Another One Bites the Dust

One goal of Dave Cutler, chief architect of Windows NT, was to make NT chip-independent. Towards this end, NT's designers included the hardware abstraction layer (HAL), a small, chip-specific portion of NT that lets it run on Intel, MIPS, Alpha, and PowerPC chips. Technically, the HAL lets software vendors easily port their applications to any chip that NT supports.

For a while, NT was a multi-chip operating system. Unfortunately, the business side of NT's chip independence never caught up with the technical side, and chip manufacturers began to rethink support for NT. First, MIPS dropped NT and now PowerPC, both manufacturers citing poor sales and lack of ISV support for NT on their systems.

I've talked about the MIPS developments, so let me focus on the PowerPC. IBM dropped NT from its PowerPC (RS/6000) systems to focus on AIX. Then, Motorola dropped NT support to focus on its MacOS-based units. Motorola claims it has shipped 50,000 MacOS units since November 1996, which is more than all its NT units to date.

I applaud the pursuit of new opportunities, but I believe NT on PowerPC would have been just as compelling as the existing MacOS and AIX business today. IBM and Motorola, you quit too soon.
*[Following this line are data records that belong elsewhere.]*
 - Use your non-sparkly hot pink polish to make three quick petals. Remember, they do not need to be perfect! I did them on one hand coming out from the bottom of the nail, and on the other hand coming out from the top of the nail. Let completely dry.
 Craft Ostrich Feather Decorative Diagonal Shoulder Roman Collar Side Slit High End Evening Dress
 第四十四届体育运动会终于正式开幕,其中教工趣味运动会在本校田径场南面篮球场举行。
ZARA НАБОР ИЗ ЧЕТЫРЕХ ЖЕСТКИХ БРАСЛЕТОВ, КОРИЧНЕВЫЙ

PowerPC was just starting to get momentum on many fronts. On the hardware side, the PowerPC community was about to deliver systems that could triple-boot NT, MacOS, and AIX. This capability would have let IBM and Motorola leverage their effort developing the MacOS and AIX hardware by offering the added attraction of NT. On the software side, Motorola had already attracted many key NT ISVs to port to PowerPC. So why kill the progress? What happened to the Motorola that said it was going to take Intel head on? Was killing NT on the PowerPC a wise business decision, or did IBM and Motorola just wimp out?
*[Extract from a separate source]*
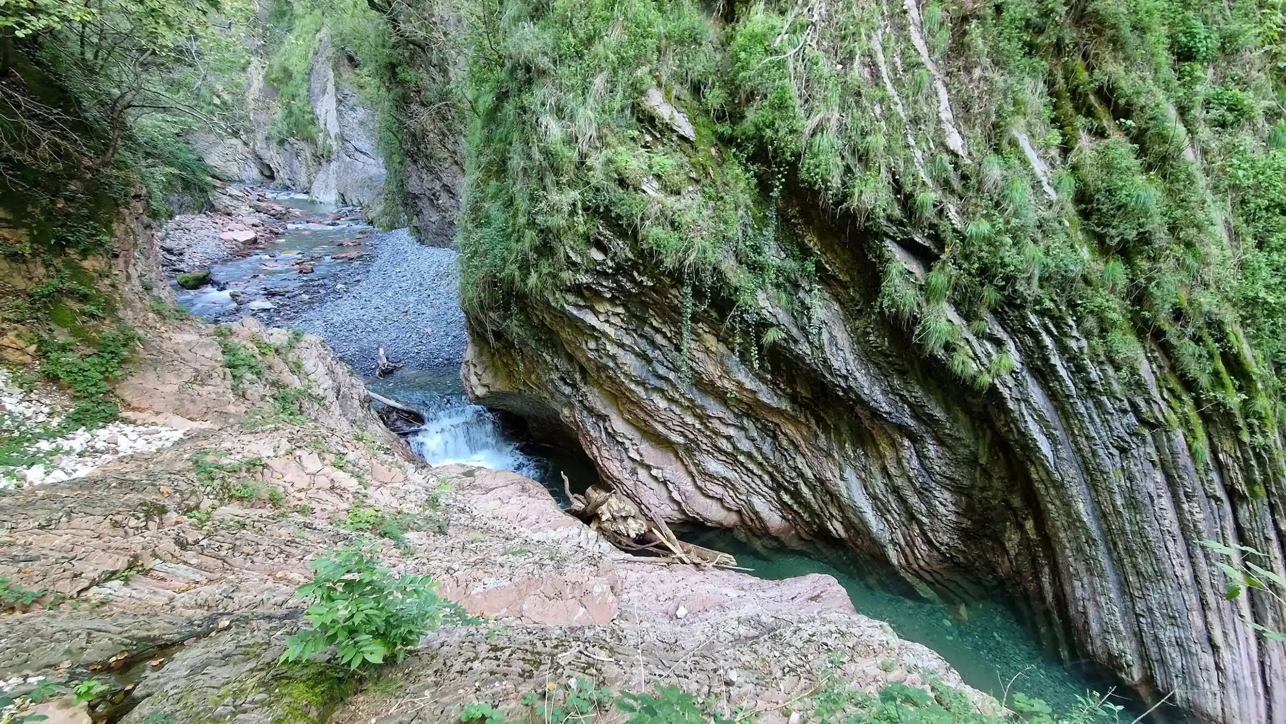 Il continuo scorrere del fiume ha inciso profondamente le rocce calcaree, rivelando sequenze stratificate che mostrano antichi fondali marini, tracce di organismi fossili e segni dei movimenti tettonici che hanno sollevato le Alpi.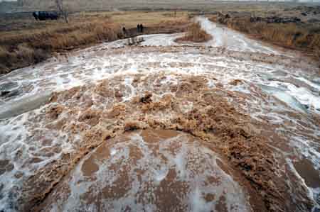 2009年甘肅景泰川電力提灌工程日前向民勤縣調水成功,黃河水流入民勤境內的紅水河。據了解,從2001年以來,景電工程已累計向民勤調水4億立方米,極大地緩解了民勤農業用水,為緩解民勤資源性缺水發揮了重要作用。圖為黃河水流入石羊河支流紅水河。

In the short term, Motorola and IBM will make more money selling MacOS and AIX systems. The PowerPC had a compelling message. What MacOS user wouldn't prefer to buy a system than could run MacOS and NT, if that ability didn't cost extra? So what happens a year or so from now when MacOS and AIX users want to migrate to NT? Motorola loses a customer. IBM can choose between selling these customers an Intel machine or losing a customer.

Microsoft Is Guilty
Is Microsoft an innocent bystander in all these developments? No way. For whatever reason, outside the NT group, Microsoft never understood Cutler's vision of a chip-independent OS. The NT development group plans to support the PowerPC in NT 5.0, but the other Microsoft divisions (Internet, Office, and development tools) rarely support non-Intel platforms. These groups just don't get NT. They're happy with their Wintel strategy. Do they really care whether Microsoft leaves its existing Alpha/NT customers in the dust? Actions speak louder than words.

The Future of PowerPC
Intel is a tough competitor. At this point, few vendors are willing to take on Intel. But plenty of opportunity is available outside the traditional Wintel market, in embedded systems. IBM is using the PowerPC as the basis of its Network Computers (NC) and Motorola is shipping embedded NT chips for use in a shop-floor control system.
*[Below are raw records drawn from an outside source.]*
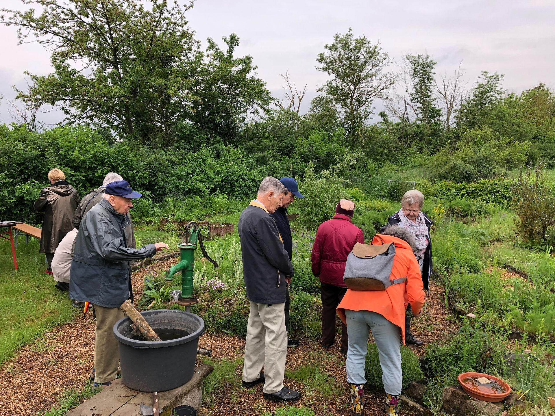 Am Freitag, den 12. Mai besuchten gegen 10 Uhr Mitglieder der Seniorenvertretung bei feuchter Witterung den NVB-Kräutergarten. Eva Müller führte die Gäste in den Bereich der Düfte, die jedoch aufgrund der Wetterlage rar waren. Natürlich gab es vereinzelt den Wunsch, Ableger mit in den „Heimischen Garten“ zu nehmen.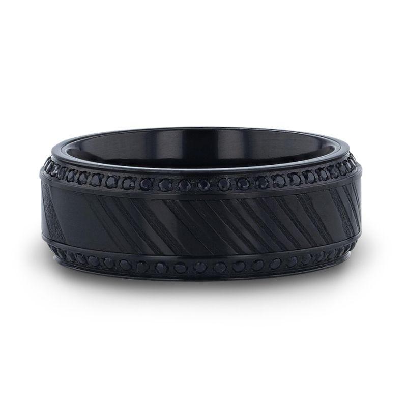 - Black titanium ring with black Damascus steel inlay and black sapphires around the edges.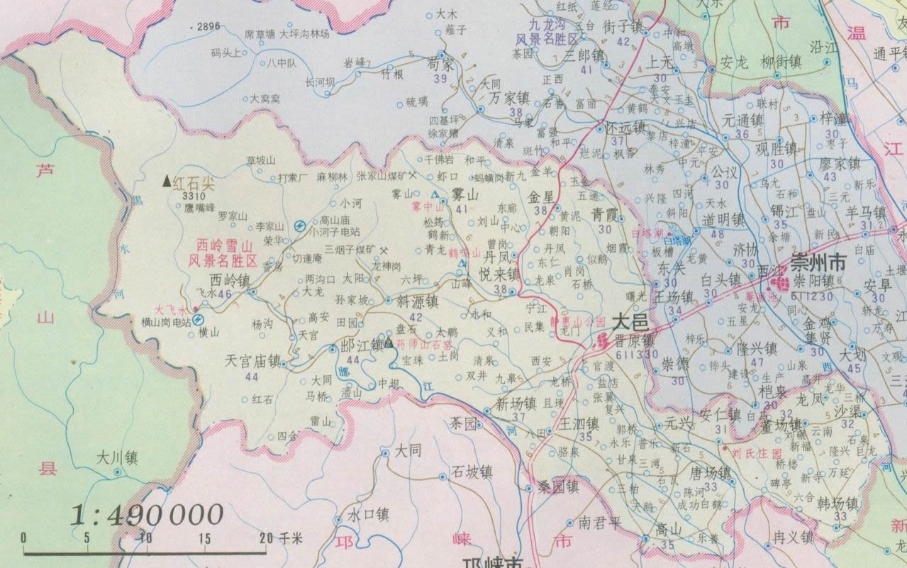 鎮(zhèn):晉原鎮(zhèn)、王泗鎮(zhèn)、出江鎮(zhèn)、西嶺鎮(zhèn)、斜源鎮(zhèn)、董場鎮(zhèn)、韓場鎮(zhèn)、三岔鎮(zhèn)、上安鎮(zhèn)、蘇家鎮(zhèn)、新場鎮(zhèn)、安仁鎮(zhèn)、悅來鎮(zhèn)、青霞鎮(zhèn)、沙渠鎮(zhèn)、蔡場鎮(zhèn)、花水灣鎮(zhèn)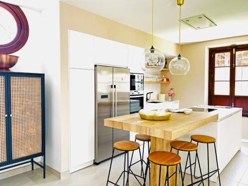 Tato vila s klimatizací má 7 ložnice, kuchyň s kompletním vybavením včetně lednice a myčky nádobí a 7 koupelny. Koupelna je vybavená sprchou a fénem. K dispozici jsou i ručníky a ložní prádlo.
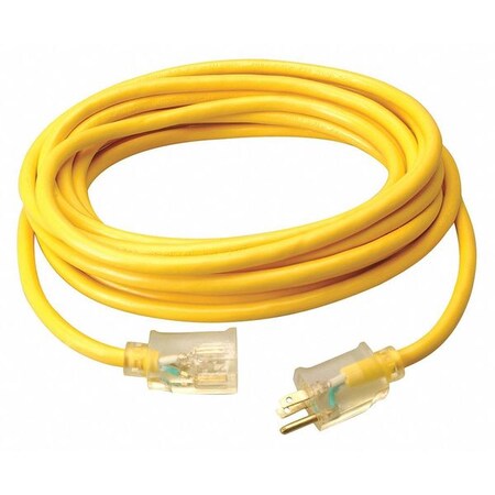 12/3 25' SJTW Vinyl Extension Cord with Lighted End Yellow - No. 02587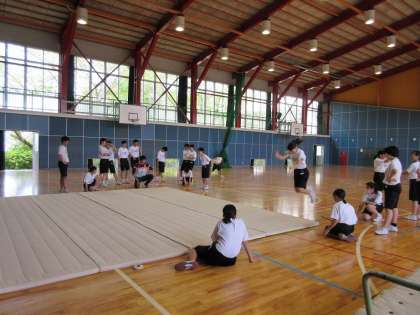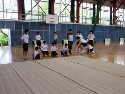 立ち幅跳びの練習と記録測定です。 係を分担して、互いに声を掛け合いながら行っていました。

Another reason why Motorola dropped NT was to focus PowerPC on the emerging Microsoft WinCE operating system market. Eight hardware manufacturers supported the first release of WinCE. That number is more than for any Personal Digital Assistant (PDA) operating system. Perhaps this operating system will be the ticket to Gates' "information at your fingertips." How about a system that boots instantly, runs on battery power, connects to the Internet, and runs your favorite Win32 applications—all for under $1000?

What Can You Do?
Digital's Alpha is the one chip keeping Cutler's vision alive. Now that its price is reduced, Alpha has a good chance of gaining share in the NT market. Don't you want to have the fastest chips available on NT? Here's what you can do: If you buy NT software, insist that it support Alpha. Even if you don't currently have Alpha-based machines, you may want them some day. You'll want to have your NT/Alpha software run at full speed. If you represent a large company and make Alpha support mandatory, a software vendor will add Alpha support just to get your business.

You vote with your dollars. Even if Microsoft isn't very concerned at the loss of an NT platform or two, it's in the user's best interest not to let another chip technology get away.